**EXERCISE OBJECTIVE**
Find the line containing "Especies de escarabajos" in the listing below. Repeat it exactly, along with each following line up to and including the one containing "朝登園すると、大きいお友だち".
*** PROVIDED RECORDS Section Begins ***
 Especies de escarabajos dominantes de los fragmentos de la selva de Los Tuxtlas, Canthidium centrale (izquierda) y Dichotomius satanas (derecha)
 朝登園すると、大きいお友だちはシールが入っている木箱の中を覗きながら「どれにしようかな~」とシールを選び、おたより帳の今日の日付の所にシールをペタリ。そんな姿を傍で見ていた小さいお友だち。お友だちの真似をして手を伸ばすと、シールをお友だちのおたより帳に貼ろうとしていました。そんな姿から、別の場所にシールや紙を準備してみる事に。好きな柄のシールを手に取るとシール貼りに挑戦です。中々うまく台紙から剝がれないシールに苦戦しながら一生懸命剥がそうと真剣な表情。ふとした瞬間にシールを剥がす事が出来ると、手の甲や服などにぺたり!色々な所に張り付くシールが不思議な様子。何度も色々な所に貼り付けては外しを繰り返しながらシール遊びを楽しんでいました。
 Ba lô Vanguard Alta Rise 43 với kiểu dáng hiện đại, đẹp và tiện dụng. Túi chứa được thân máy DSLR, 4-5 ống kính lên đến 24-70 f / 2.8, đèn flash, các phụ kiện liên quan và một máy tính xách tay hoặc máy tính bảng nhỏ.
*** PROVIDED RECORDS Section Ends ***
*** PROVIDED RECORDS Section Begins ***
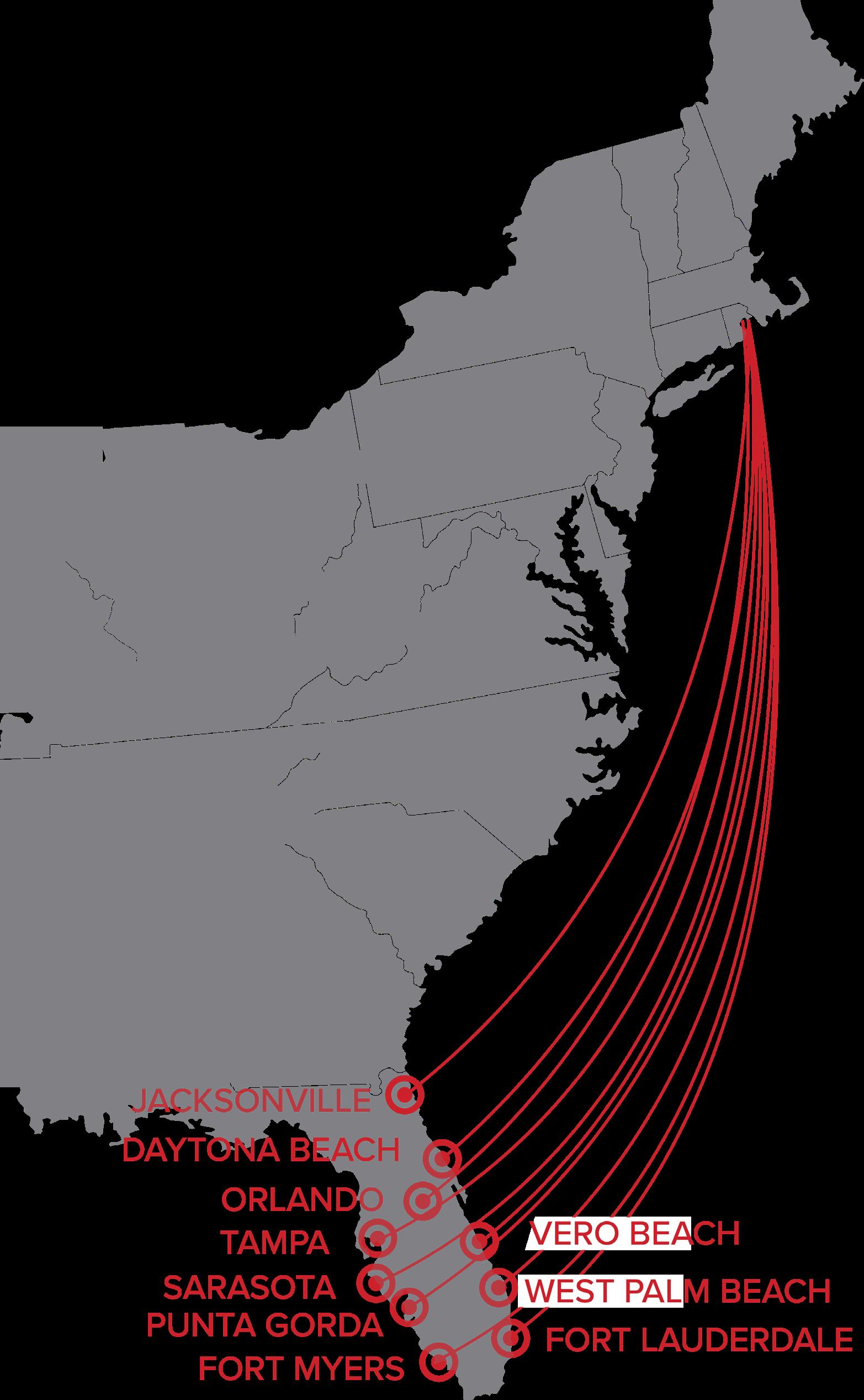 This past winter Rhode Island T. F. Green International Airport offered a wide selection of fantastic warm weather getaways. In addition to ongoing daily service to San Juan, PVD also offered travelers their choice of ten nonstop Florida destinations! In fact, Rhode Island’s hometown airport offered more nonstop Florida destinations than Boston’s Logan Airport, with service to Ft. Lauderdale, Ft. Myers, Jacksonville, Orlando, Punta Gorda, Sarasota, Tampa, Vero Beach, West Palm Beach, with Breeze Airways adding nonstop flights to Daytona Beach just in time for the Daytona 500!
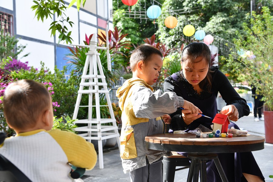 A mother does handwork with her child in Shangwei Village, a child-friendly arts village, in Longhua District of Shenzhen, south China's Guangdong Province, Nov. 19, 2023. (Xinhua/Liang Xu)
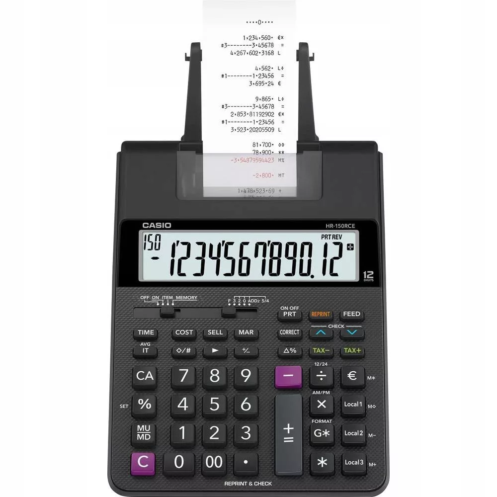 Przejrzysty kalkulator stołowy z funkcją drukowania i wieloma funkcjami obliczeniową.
*** PROVIDED RECORDS Section Ends ***
**ANSWER TO THE PROBLEM**
 Especies de escarabajos dominantes de los fragmentos de la selva de Los Tuxtlas, Canthidium centrale (izquierda) y Dichotomius satanas (derecha)
 朝登園すると、大きいお友だちはシールが入っている木箱の中を覗きながら「どれにしようかな~」とシールを選び、おたより帳の今日の日付の所にシールをペタリ。そんな姿を傍で見ていた小さいお友だち。お友だちの真似をして手を伸ばすと、シールをお友だちのおたより帳に貼ろうとしていました。そんな姿から、別の場所にシールや紙を準備してみる事に。好きな柄のシールを手に取るとシール貼りに挑戦です。中々うまく台紙から剝がれないシールに苦戦しながら一生懸命剥がそうと真剣な表情。ふとした瞬間にシールを剥がす事が出来ると、手の甲や服などにぺたり!色々な所に張り付くシールが不思議な様子。何度も色々な所に貼り付けては外しを繰り返しながらシール遊びを楽しんでいました。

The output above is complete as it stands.